8. Bigtable stores persistent state at the tablet servers in SSTables on GFS. List all the benefits that result from this design decision.

(a) Because SSTables are immutable, they can be accessed without locking, easing concurrency control.
(b) It is enough to store tablets at one server alone, since GFS takes care of replication.
(c) The efficient file format of SSTables allows all information to be stored in memory for quick access.
(d) Because SSTables are lexicographically sorted, a merged view across multiple SSTables is easy to obtain during a read operation.

**Ans:** a, b, d

9. Consider the Bigtable paper studied in class. Recall that the information about which tablet servers store which tablets is maintained in a 2-level hierarchy by Bigtable in the following manner.

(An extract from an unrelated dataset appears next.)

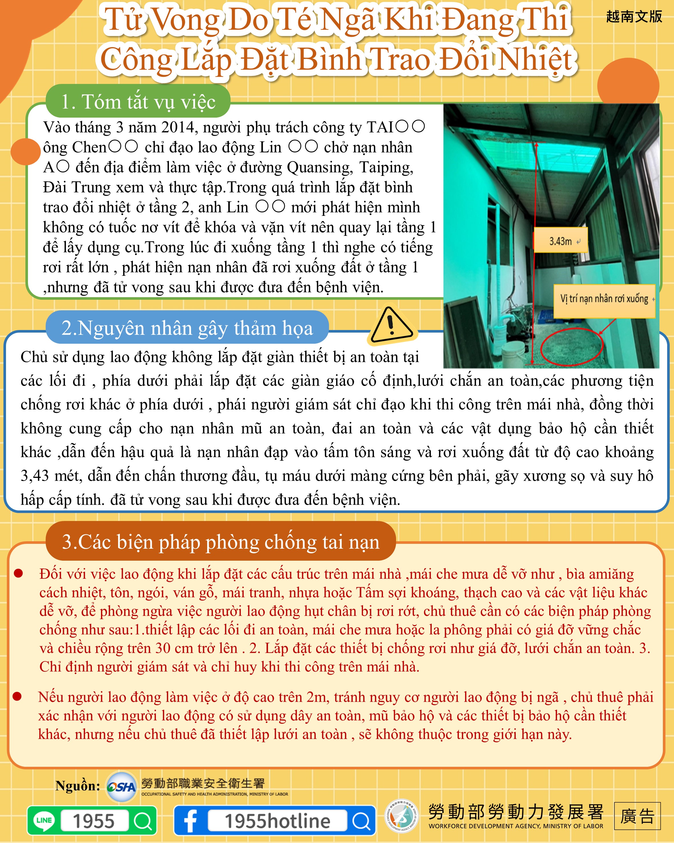 Vào tháng 3 năm 2014, người phụ trách công ty TAI○○ ông Chen○○ chỉ đạo lao động Lin ○○ chở nạn nhân A○ đến địa điểm làm việc ở đường Quansing, Taiping,Đài Trung xem và thực tập.Trong quá trình lắp đặt bình trao đổi nhiệt ở tầng 2, anh Lin ○○ mới phát hiện mình không có tuốc nơ vít để khóa và vặn vít nên quay lại tầng 1 để lấy dụng cụ.Trong lúc đi xuống tầng 1 thì nghe có tiếng rơi rất lớn , phát hiện nạn nhân đã rơi xuống đất ở tầng 1 ,nhưng đã tử vong sau khi được đưa đến bệnh viện.

The root tablet published in Chubby contains the locations of all metadata tablets, and each metadata tablet in turn contains information about the the range of rows in a tablet and the location of the tablet server serving that tablet. Assume that each location information entry is 2 KB in size and the size of a tablet is 512 MB. What is the maximum size of a table (in units of number of tablets) that can be stored in the system such that all location information can fit in this 2-level hierarchy correctly? Assume \(1K = 2^{10}\).
2. \[2^{36}\]
3. \[2^{64}\]
4. \[2^{34}\]
5. \[2^{17}\]

**Ans:** a

10. The Dynamo system studied in class uses the concept of virtual nodes when performing consistent hashing. Which of the following statements is/are true about the advantages of using virtual nodes?

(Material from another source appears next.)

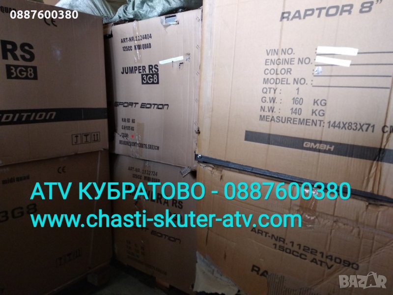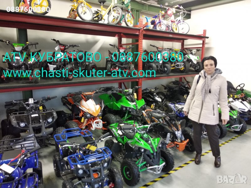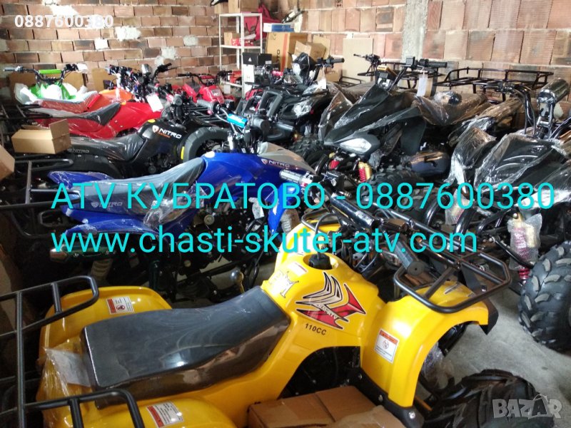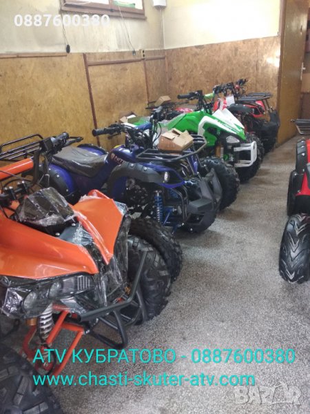 Имаме НАЛИЧНИ НАД 70 модела ФАБРИЧНО НОВИ, богат избор и всички кубатури за малки и големи: 50сс, 110сс, 125сс, 150сс, 200сс, 250сс, 300сс, 350сс. Пишете АТВ КУБРАТОВО в Google или въведете нашия тел. номер през търсачката и ще стигнете до законен електронен магазин с ясни обявени контакти CHASTI-SKUTER-ATV.COM, където всеки модел е въведен по отделно с цена и технически данни. ПОДАРЪЦИ И ОТСТЪПКИ при всяко закупено АТВ! ГАРАНЦИОНЕН и ИЗВЪН ГАРАНЦИОНЕН СЕРВИЗ, ФАКТУРА с ДДС, СЕРТИФИКАТ за КАЧЕСТВО и ПРОИЗХОД! ПРАЩАМЕ ПО ЕКОНТ с БЕЗПЛАТНА ДОСТАВКА!

   (a) Virtual nodes allow a node to be responsible for multiple key ranges in the keyspace, thereby ensuring better load balancing.
   (b) When a node leaves or joins the system, virtual nodes ensure that the changes in load are more evenly distributed across the other nodes.
   (c) Virtual nodes allow a node replicate its key-value database across multiple virtual machines in the cloud for fault tolerance.
   (d) Virtual nodes allow a key to be replicated at multiple nodes having the same identifier in the keyspace.

**Ans:** a, b

11. Consider the idea of vector clocks discussed in the Dynamo paper in class. Three nodes A, B, C in a distributed key-value store use vector clocks to track the versions of the key-value pairs stored in the system. A client stores various versions of the value corresponding to a key at various nodes in the following manner. Suppose the client stores a value V1 at node A with an initial vector clock of [(A,1), (B,0), (C,0)]. The client then reads the value V1 from A and writes another value V2 to B. Then, two other clients read V2 from B, and write updated versions V3 and V4 at A and C respectively. Another client then reads the values V3 and V4, reconciles any conflicts, and writes an updated merged value V5 at node A. What is the vector clock of this value V5 stored at A?

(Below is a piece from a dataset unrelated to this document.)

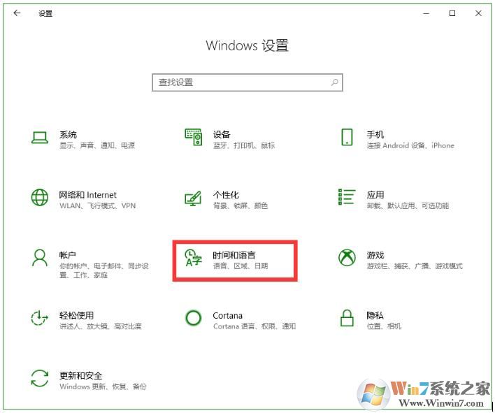 1. 首先按組合鍵“windows徽標(biāo)鍵(也就是開始菜單鍵)+I”打開設(shè)置,點(diǎn)擊其中的“時(shí)間和語言”:
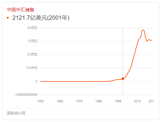 中国变身世界工厂之后,随着商品出口的不断增长,我们的外汇储备,也从01年开始不断攀升。

   (a) (A,3), (B,1), (C,1)
   (b) (A,2), (B,2), (C,1)
   (c) (A,2), (B,1), (C,1)
   (d) (A,3), (B,1), (C,2)

**Ans:** a

12. Which of the following is/are the key differences between the Memcache and Dynamo key-value stores?

   (a) Dynamo uses a shared-nothing architecture for scalability while Memcache does not.
(b) Memcache is primarily useful for serving read-intensive traffic, while Dynamo can handle both read-intensive and write-intensive workloads.
(c) Dynamo tries to store key-value pairs durably while Memcache does not.
(d) Memcache stores key-value pairs on disk while Dynamo is an in-memory key-value store.

**Ans:** b, c

13. Which of the following statements is/are true about the clone() system call with respect to namespaces?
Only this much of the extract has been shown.